---- SUPPLIED INFORMATION

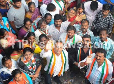Photo Caption : Dinesh Gundu Rao, Congress candidate for Gandhinagar Assembly Constituency campaigning with his supporters, in Bengaluru on Tuesday 8th May 2018
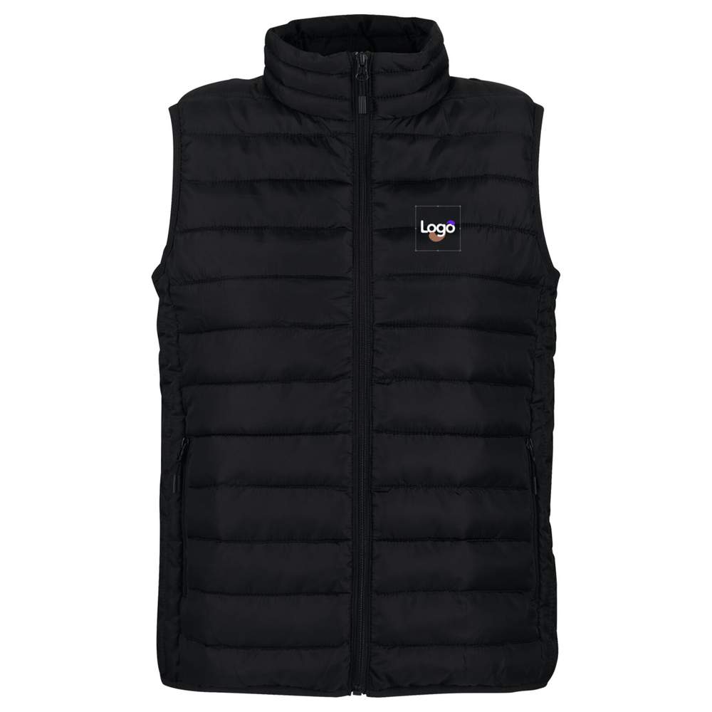 Doudoune légère sans manches pour femme. Ouverture principale et poches côté avec zip nylon ton sur ton. Curseurs en métal ton sur ton avec tire-zip fantaisie noir. Col montant. Bas de vêtement et emmanchures avec biais élastiqué ton sur ton. Sac de rangement. Composition : extérieur et doublure 100% polyester ; matelassage en duvet 100% polyester. Ce modèle offre la possibilité de personnalisation en broderie pour répondre à vos besoins spécifiques.
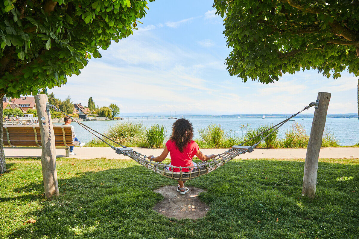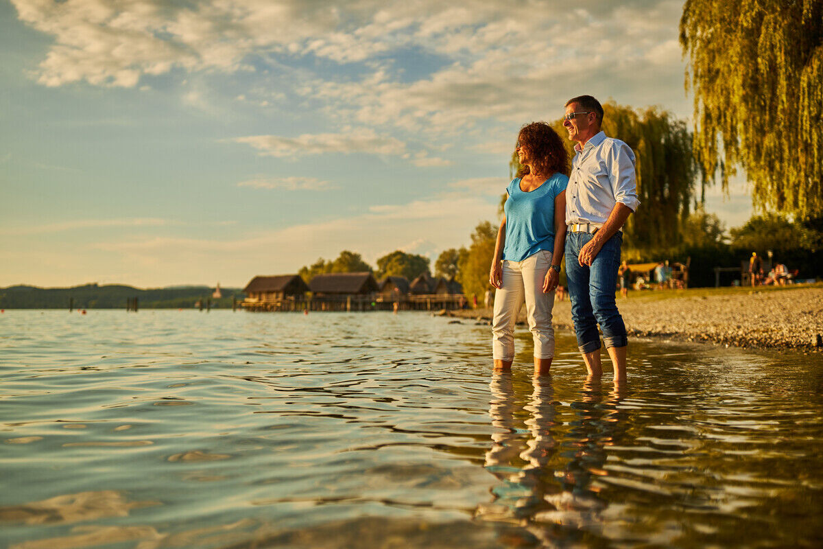 Du biegst nun am Ende der Alten Uhldinger Straße links ab und spazierst die Seefelder Straße entlang, bis Du auf Deiner linken Seite das Hotel Seevilla passierst. Hier zweigst Du rechts ab und kommst in den Uferbereich des Bodensees. Auf der rechten Seite siehst Du den Eingang zu den bekannten Pfahlbauten. Biege hier links in die Straße Strandpromenade ab: Der Zugang zum Naturstrandbad liegt rechts von Dir. Unsere kleinen Gäste freuen sich über einen super schönen Spielplatz direkt am Bodensee und einen Abenteuer-Golf-Platz. Wenn Du am Ende der Strandpromenade rechts abzweigst, läufst Du die West-Mole entlang, passierst den kleinen Fischerhafen und das Büro des Hafenmeisters, um nach ca. 150 m zum Schiffsanleger zu gelangen. Von hieraus fahren die Schiffe der weißen Flotte, das Schiff zur Mainau und diverse Ausflugsschiffe ab.
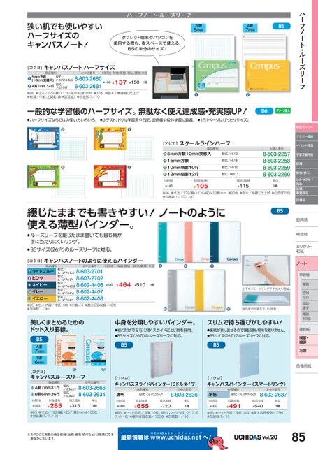 ハーフノート・ルーズリーフ学習ペーパークラフト・素材イベント用品学習支援用品保育安全・安心OA・サプライ用品文具・事務用品日用品画用紙用模造紙模造紙おりがみ・おりがみ・和紙和紙ノート学習帳習帳学習算数理科・社会国語・漢字英習・その他連絡帳絡帳横罫・縦罫方眼各種用紙種¥630¥464¥5101冊上下セパレートリングで手当たり軽減。●B5●セット内容/中紙10枚●穴数/4●最大収容枚数/40枚●包装数:1/40●●持ち運びが楽なスリム設計。美しくまとめるためのドット入り罫線。B5A罫7mmB罫6mm中身を分類しやすいバインダー。●引くだけで左右に開くスライド式とじ具を採用。●B5サイズ(26穴)のルーズリーフに対応。スリムで持ち運びがしやすい!●表紙が折り返せるので筆記時も場所を取りません。●B5サイズ(26穴)のルーズリーフに対応。B5B5[コクヨ]キャンパススライドバインダー(ミドルタイプ)[コクヨ]キャンパスバインダー〈スマートリング〉透明M価税抜¥890商品種別型式/ル-P333NTお申込番号8-603-2636税抜価格¥655税込価格¥720単位1冊水色M価税抜¥650商品種別型式/ル-SP700LBお申込番号8-603-2637税抜価格¥491税込価格¥540単位1冊[コクヨ]キャンパスルーズリーフ●●型式/ノ-836AT型式/ノ-836BTお申込番号8-603-26668-603-2634税込価格¥313単位1冊商品種別A罫7mm31行B罫6mm36行●●M価税抜¥360税抜価格¥285●B5●寸法/182幅)×257奥)mm●100枚●包装数:1/5/40●B5●セット内容/中紙10枚、見出しシート5枚、クリアポケット1枚●最大収容枚数/100枚●包装数:1/40●B5●セット内容/中紙10枚●最大収容枚数/25枚●包装数:1/10※カタログに掲載の商品情報(仕様・価格・税率など)は変更になる場合がございます。最新情報はUCHIDASww.uchidas.netwへ!Vol.2085狭い机でも使いやすいハーフサイズのキャンパスノート!ハーフノート・ルーズリーフ方眼5mmA罫7mmB6タブレット端末やパソコンを使用する際も、省スペースで使える、B5の半分のサイズ!●B6●寸法/179(横)×126(縦)×4(厚)mm●30枚●製本/無線綴じ仕上げ●材質/中紙:上質紙(森林認証紙)●包装数:1/10●●一般的な学習帳のハーフサイズ。無駄なく使え達成感・充実感UP!●ハーフサイズならではの使い方いろいろ。●小テスト、ドリル学習用や日記、連絡帳や校外学習に最適。●1日1ページにぴったりサイズ。B6グリーン購入お申込番号8-603-22578-603-22588-603-22598-603-2260単位1冊M価税抜¥140税抜価格¥105税込価格¥115型式/HS10型式/HS15型式/HY10型式/HM125mm方眼10mm実線入15mm方眼10mm横罫10行12mm縦罫12行●●●●[アピカ]スクールラインハーフ商品種別●●●●●B6●寸法/179(横)×126縦)×3(厚)mm●30枚●製本/糸綴じ仕上げ●白色度70%●包装数:1/10/240綴じたままでも書きやすい!ノートのように使える薄型バインダー。●ルーズリーフを綴じたまま書いても綴じ具が手に当たりにくいリング。●B5サイズ(26穴)のルーズリーフに対応。B5[コクヨ]キャンパスノートハーフサイズ商品種別お申込番号M価税抜税抜価格税込価格単位¥160¥137¥1501冊型式/ノ-37S10-5LG型式/ノ-293AT8-603-26808-603-26815mm方眼(10mm実線入)A罫7mm14行●●[コクヨ]キャンパスノートのように使えるバインダー商品種別お申込番号M価税抜税抜価格税込価格単位❼❽❾型式/ル-NP704LB型式/ル-NP704P型式/8-603-27018-603-2702ル-NP704DB8-602-44068-602-44078-602-4408型式/ル-NP704M型式/ル-NP704Yライトブルーピンクネイビーグレーイエロー●●●●●

--------

Your reply should consist solely of the lines above, from the opening line through the line with "Du biegst nun", reproduced exactly and without pictures.

*SOLVED EXERCISE*
Photo Caption : Dinesh Gundu Rao, Congress candidate for Gandhinagar Assembly Constituency campaigning with his supporters, in Bengaluru on Tuesday 8th May 2018
 Doudoune légère sans manches pour femme. Ouverture principale et poches côté avec zip nylon ton sur ton. Curseurs en métal ton sur ton avec tire-zip fantaisie noir. Col montant. Bas de vêtement et emmanchures avec biais élastiqué ton sur ton. Sac de rangement. Composition : extérieur et doublure 100% polyester ; matelassage en duvet 100% polyester. Ce modèle offre la possibilité de personnalisation en broderie pour répondre à vos besoins spécifiques.
 Du biegst nun am Ende der Alten Uhldinger Straße links ab und spazierst die Seefelder Straße entlang, bis Du auf Deiner linken Seite das Hotel Seevilla passierst. Hier zweigst Du rechts ab und kommst in den Uferbereich des Bodensees. Auf der rechten Seite siehst Du den Eingang zu den bekannten Pfahlbauten. Biege hier links in die Straße Strandpromenade ab: Der Zugang zum Naturstrandbad liegt rechts von Dir. Unsere kleinen Gäste freuen sich über einen super schönen Spielplatz direkt am Bodensee und einen Abenteuer-Golf-Platz. Wenn Du am Ende der Strandpromenade rechts abzweigst, läufst Du die West-Mole entlang, passierst den kleinen Fischerhafen und das Büro des Hafenmeisters, um nach ca. 150 m zum Schiffsanleger zu gelangen. Von hieraus fahren die Schiffe der weißen Flotte, das Schiff zur Mainau und diverse Ausflugsschiffe ab.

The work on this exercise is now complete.